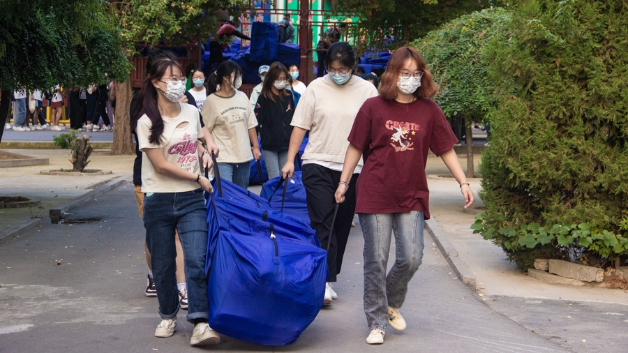2021级全体本科生于西公寓二号楼为新生搬运被褥,为新生的到来做好前期准备工作。
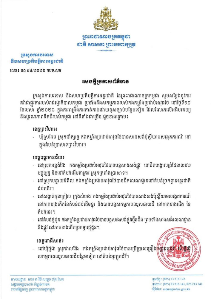 Cambodia’s Ministry of Foreign Affairs and International Cooperation has issued a formal protest against new activities by Thai armed forces aimed at consolidating an illegal occupation in violation of Cambodia’s sovereignty and territorial integrity.
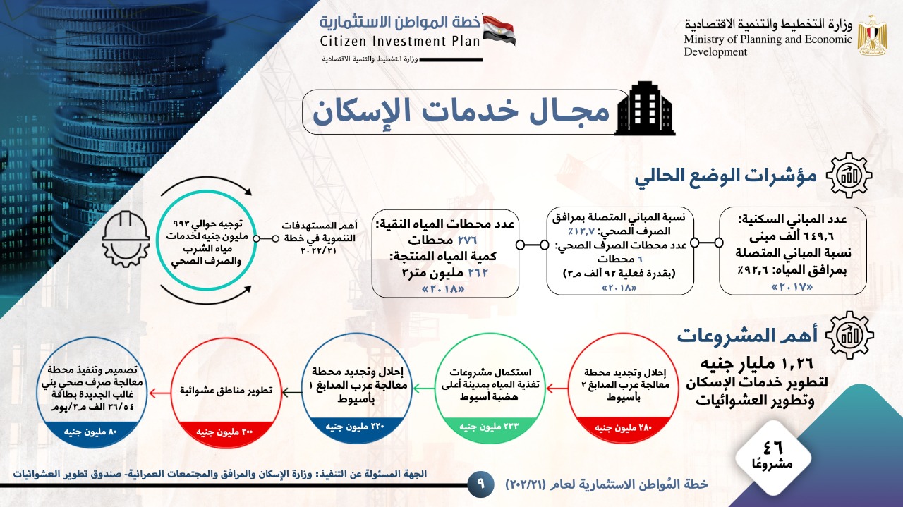 وأوضح تقرير وزارة التخطيط والتنمية الاقتصادية أن أهم المستهدفات التنموية بقطاع الإسكان وتطوير العشوائيات بمحافظة أسيوط في خطة 21/2022 تتمثل في توجيه حوالي 993 مليون جنيه لخدمات مياه الشرب والصرف الصحي.
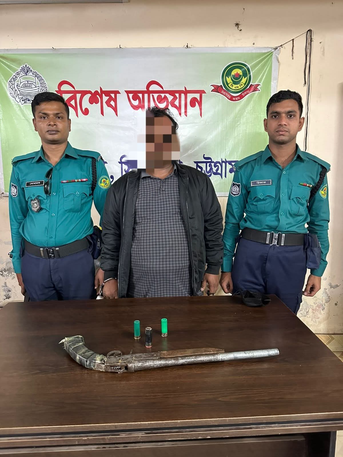 কর্ণফুলী থানার অফিসার ইনচার্জ জাহেদুল ইসলাম এর নেতৃত্বে এসআই(নিঃ) মাহিন সরওয়ার সঙ্গীয় ফোর্স সহ যৌথ বাহিনীর সহায়তায় কর্ণফুলী খানা এলাকায় অভিযান পরিচালনা করে আসামী রাশেদ নুর প্রঃ রাশু (৩৮), পিতা- রাজ্জাক নুর প্রঃ রজ্জক নুর, মাতা-মুন্নি বেগম, সাং-উত্তর বন্দর, কোট্টাপাড়া, ২নং ওয়ার্ড, রাজ্জাক নুরের বাড়ী, ১নং বৈরাগ ইউপি, থানা-কর্ণফুলী, জেলা-চট্টগ্রামকে আটক পূর্বক তার হেফাজত হতে ১টি দেশী তৈরী এলজি ও ৩ রাউন্ড কার্তুজ উদ্ধার করেন। গ্রেফতারকৃত আসামীকে কর্ণফুলী থানার মামলা নং-০৫, তারিখ-০৫/১২/২০২৫
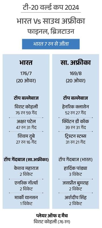वेस्टइंडीज के ब्रिजटाउन में खेले गए फाइनल में भारत ने साउथ अफ्रीका को 7 रन से हराया। इसी के साथ भारत ने 17 साल बाद टी-20 वर्ल्ड का खिताब दूसरी बार अपने नाम किया। टीम ने पहले बैटिंग करते हुए विराट कोहली (76), अक्षर पटेल (47) और दुबे (27) की मदद से 176/7 रन बनाए।
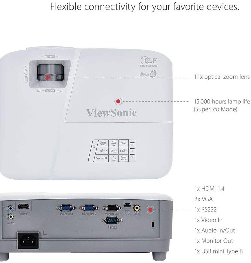 VIEWSONIC Vidéo Projecteur XGA 3600 lumens, XGA, 1024×768
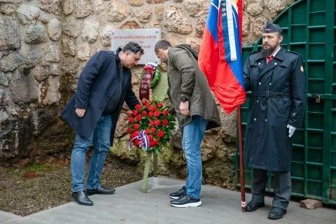 K spominskemu obeležju v Kolarjevem parku so položili venec. / Foto: Nik Bertoncelj
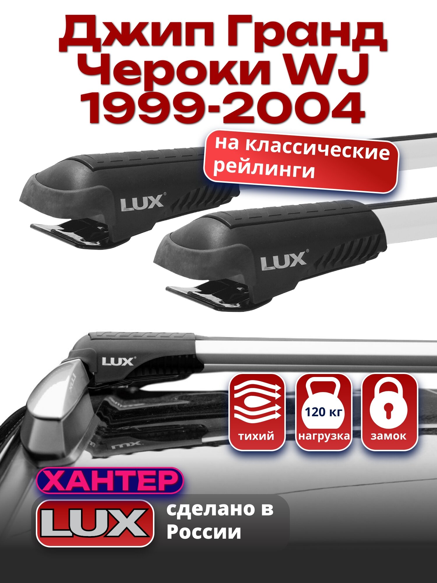 Багажник на крышу Джип Гранд Чероки WJ 1999-2004 на рейлинги, LUX хантер информация:
◇ ◇ ◇ ◇ ◇ ◇ ◇
Exercise objective:
The required output is the exact run of lines from the start of the records through the line containing "Cambodia’s Ministry of", both ends included, with no pictures.

Completed task:
2021级全体本科生于西公寓二号楼为新生搬运被褥,为新生的到来做好前期准备工作。
 Cambodia’s Ministry of Foreign Affairs and International Cooperation has issued a formal protest against new activities by Thai armed forces aimed at consolidating an illegal occupation in violation of Cambodia’s sovereignty and territorial integrity.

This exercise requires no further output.